Assemblymember Valencia has branded the proposal the “Home Run for Anaheim Act,” pitching it as a way to give residents a stronger say in how the stadium site gets used and to make sure Anaheim gets credit when development happens on the property. As reported by the Los Angeles Times, Anaheim Mayor Ashleigh Aitken has asked the city attorney to “explore whether the Angels have violated their current lease” by removing Anaheim from legal filings.

How the Measure Would Work

The bill uses the Surplus Land Act exemption process as its main leverage point. If Anaheim secures an exemption to dispose of the publicly owned stadium property, the city could then require that any sale or lease paperwork list the club as the “Anaheim Angels.” That conditional setup, which links naming rules to the administrative exemption instead of directly rewriting lease language, is the heart of the proposal, according to reporting from Sports Business Journal.

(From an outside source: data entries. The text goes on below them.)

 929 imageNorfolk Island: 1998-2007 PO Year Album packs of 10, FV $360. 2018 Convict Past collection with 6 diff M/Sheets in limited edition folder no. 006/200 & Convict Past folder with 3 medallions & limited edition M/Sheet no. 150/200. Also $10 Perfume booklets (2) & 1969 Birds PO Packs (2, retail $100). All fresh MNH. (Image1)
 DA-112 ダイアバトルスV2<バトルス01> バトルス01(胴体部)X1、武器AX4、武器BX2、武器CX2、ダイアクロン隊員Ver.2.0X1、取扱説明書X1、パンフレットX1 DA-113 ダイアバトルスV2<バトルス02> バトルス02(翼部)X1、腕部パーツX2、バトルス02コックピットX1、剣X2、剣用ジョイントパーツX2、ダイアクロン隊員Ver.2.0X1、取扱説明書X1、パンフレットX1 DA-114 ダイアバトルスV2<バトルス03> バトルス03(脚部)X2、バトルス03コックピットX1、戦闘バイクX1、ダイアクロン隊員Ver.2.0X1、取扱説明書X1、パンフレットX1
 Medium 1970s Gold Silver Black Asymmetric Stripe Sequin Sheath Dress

Lease Timeline and Leverage

How much practical leverage Anaheim has depends heavily on who controls the ballpark and for how long. The California State Auditor reports that the current lease runs through Dec. 31, 2032, with the Angels holding options that could extend the arrangement through 2038. That long-term deal, combined with failed talks in 2019 over a sale or redevelopment of the surrounding parking lots and other land, helps explain why lawmakers are now looking at a legislative workaround instead of relying only on litigation or direct negotiations.

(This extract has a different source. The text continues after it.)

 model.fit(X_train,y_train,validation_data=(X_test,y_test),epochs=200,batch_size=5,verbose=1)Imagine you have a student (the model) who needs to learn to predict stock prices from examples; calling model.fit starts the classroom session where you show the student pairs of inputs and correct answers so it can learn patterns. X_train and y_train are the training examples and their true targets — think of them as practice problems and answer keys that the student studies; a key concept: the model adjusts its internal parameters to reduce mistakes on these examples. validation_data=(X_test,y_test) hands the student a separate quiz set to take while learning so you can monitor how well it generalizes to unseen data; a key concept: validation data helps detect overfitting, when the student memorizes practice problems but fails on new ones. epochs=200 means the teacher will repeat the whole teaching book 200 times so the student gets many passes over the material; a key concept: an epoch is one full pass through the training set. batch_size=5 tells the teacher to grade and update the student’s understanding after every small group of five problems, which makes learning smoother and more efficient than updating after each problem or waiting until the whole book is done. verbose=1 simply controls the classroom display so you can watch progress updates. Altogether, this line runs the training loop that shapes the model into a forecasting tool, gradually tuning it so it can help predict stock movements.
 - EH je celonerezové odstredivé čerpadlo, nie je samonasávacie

City Reaction and What Comes Next

Supporters argue the bill would give Anaheim a real-world check on any future overhaul of the roughly 150-acre stadium site, since tying naming rights to land deals could influence how any redevelopment plays out. Several local leaders were involved in shaping the bill’s language. The proposal still has to clear committees and win floor votes in Sacramento before it can change state law, and city attorneys will decide whether to pursue any lease-related claims of their own. Those steps could stretch the naming and stadium dispute beyond baseball and deeper into state politics, Sports Business Journal reported.

Legal Context

The current fight is layered on top of a long legal history. Roughly two decades ago, when the club tried to market itself as the Los Angeles Angels of Anaheim, the city sued, arguing that the team had violated a lease clause that required Anaheim’s name. A jury ultimately found that the franchise had not breached that provision. AB 2512 aims to sidestep that path by making any naming requirement a condition of securing a surplus land exemption, rather than a direct lease mandate, language that is spelled out in the bill text on the California Legislative Information site.

For now, the Angels remain at Angel Stadium under a lease that keeps the team tied to the property for years unless the options change or a new deal is cut. AB 2512 would give Anaheim an additional tool in that relationship. If the city secures a Surplus Land Act exemption and moves ahead with a sale or lease, Sacramento lawmakers could require the team to officially carry the city’s name again, shifting the long-running argument over the ballpark into both city hall and the state Capitol.